Exercise objective: Which lines run from the start of the material below through the line containing "12月4日消息,沃华医药12"? Retype them exactly, pictures excluded.

##### The data #####

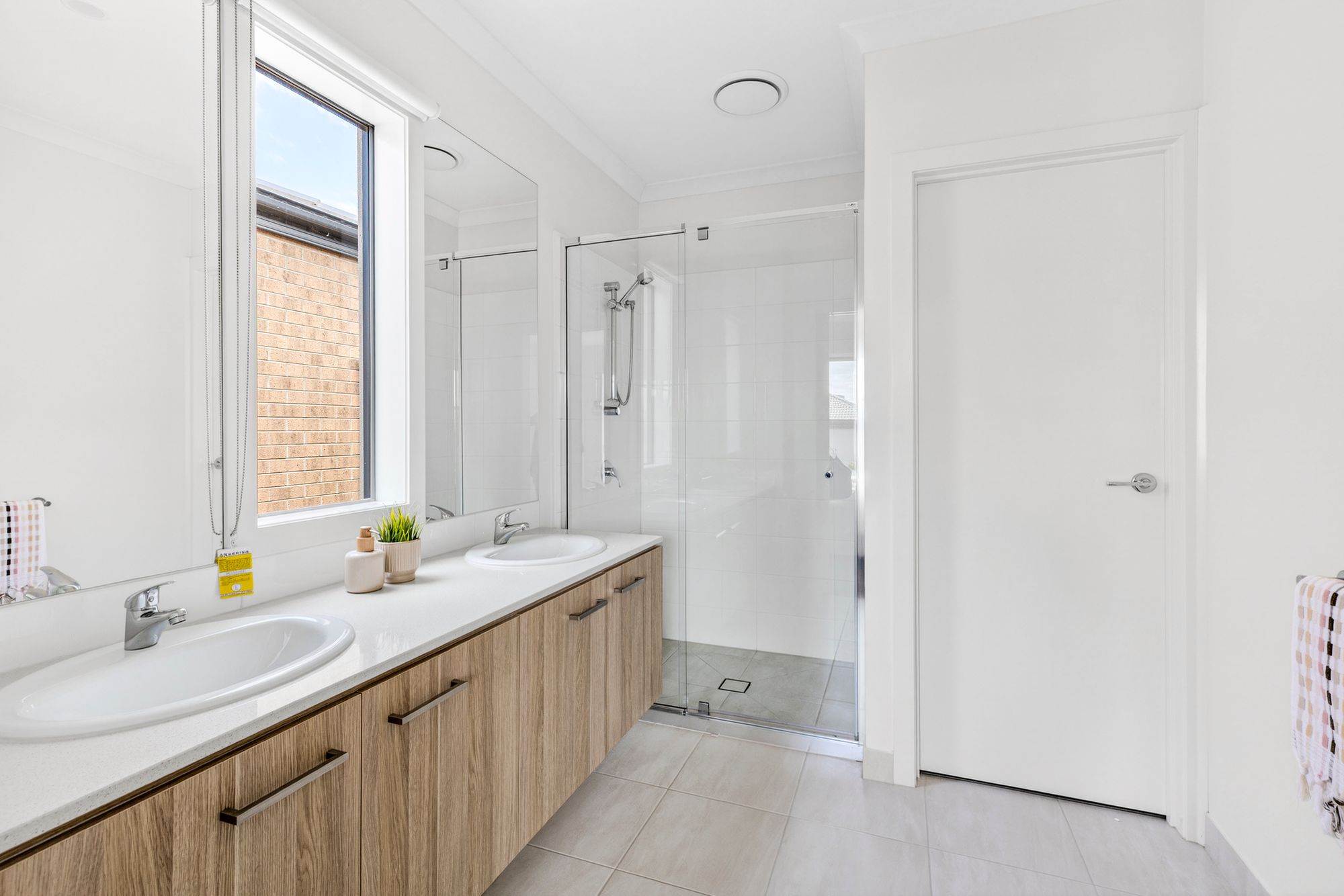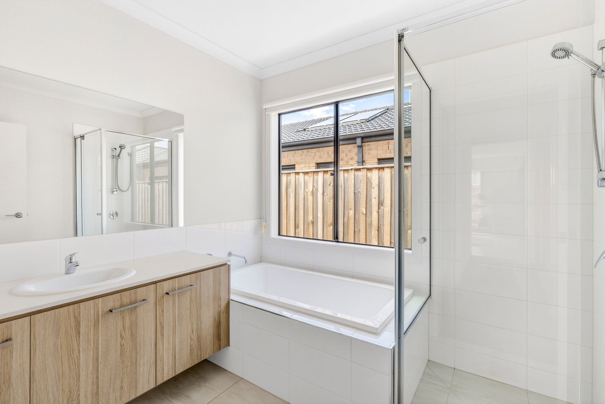 Additional Bathrooms: The central bathroom is well-appointed with a single vanity and basin featuring 20mm stone benchtops and cabinetry, a raised bath, mirrored splashback, and a shower. A wide window with roller blinds allows natural light, while a separate toilet enhances functionality for family living.
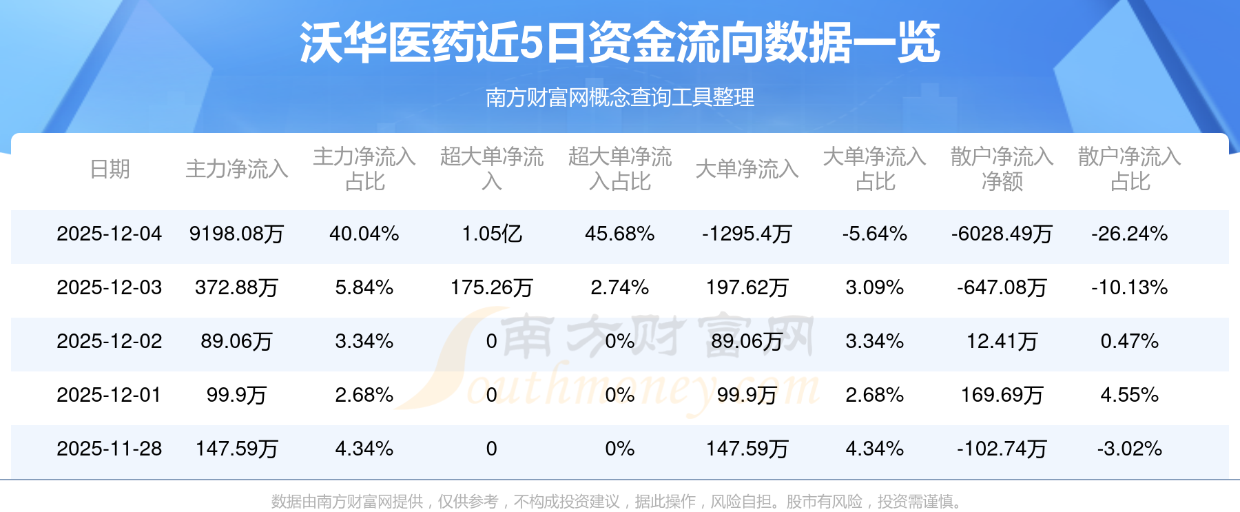 12月4日消息,沃华医药12月4日主力净流入9198.08万元,超大单净流入1.05亿元,大单净流出1295.4万元,散户净流出6028.49万元。
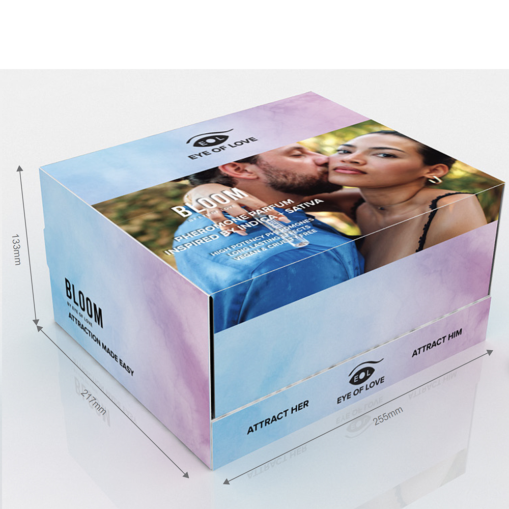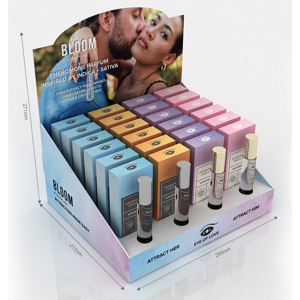 The Eye of Love Bloom 10ml display presents an enticing selection of pheromone perfumes, featuring two indica-inspired fragrancesLilac Dreams and Blue Emberand two sativa-inspired fragrancesSunny Daze and Earth’s Desire, designed to captivate both him and her. The display includes six bottles of each fragrance, along with testers for an immersive experience.
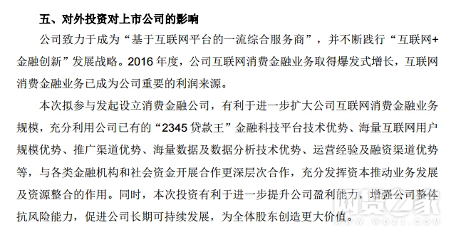 二三四五公司在《关于参与发起设立消费金融公司的提示性公告》中称,此次发起设立消费金融公司有利于进一步扩大公司互联网消费金融业务规模,充分利用公司已有的“2345 贷款王”的各类优势,与金融机构、社会资金开展合作更深层次合作,充分发挥资本推动业务发展及资源整合的作用,有利于进一步提升公司盈利能力。

#####

Written reply:
 Additional Bathrooms: The central bathroom is well-appointed with a single vanity and basin featuring 20mm stone benchtops and cabinetry, a raised bath, mirrored splashback, and a shower. A wide window with roller blinds allows natural light, while a separate toilet enhances functionality for family living.
 12月4日消息,沃华医药12月4日主力净流入9198.08万元,超大单净流入1.05亿元,大单净流出1295.4万元,散户净流出6028.49万元。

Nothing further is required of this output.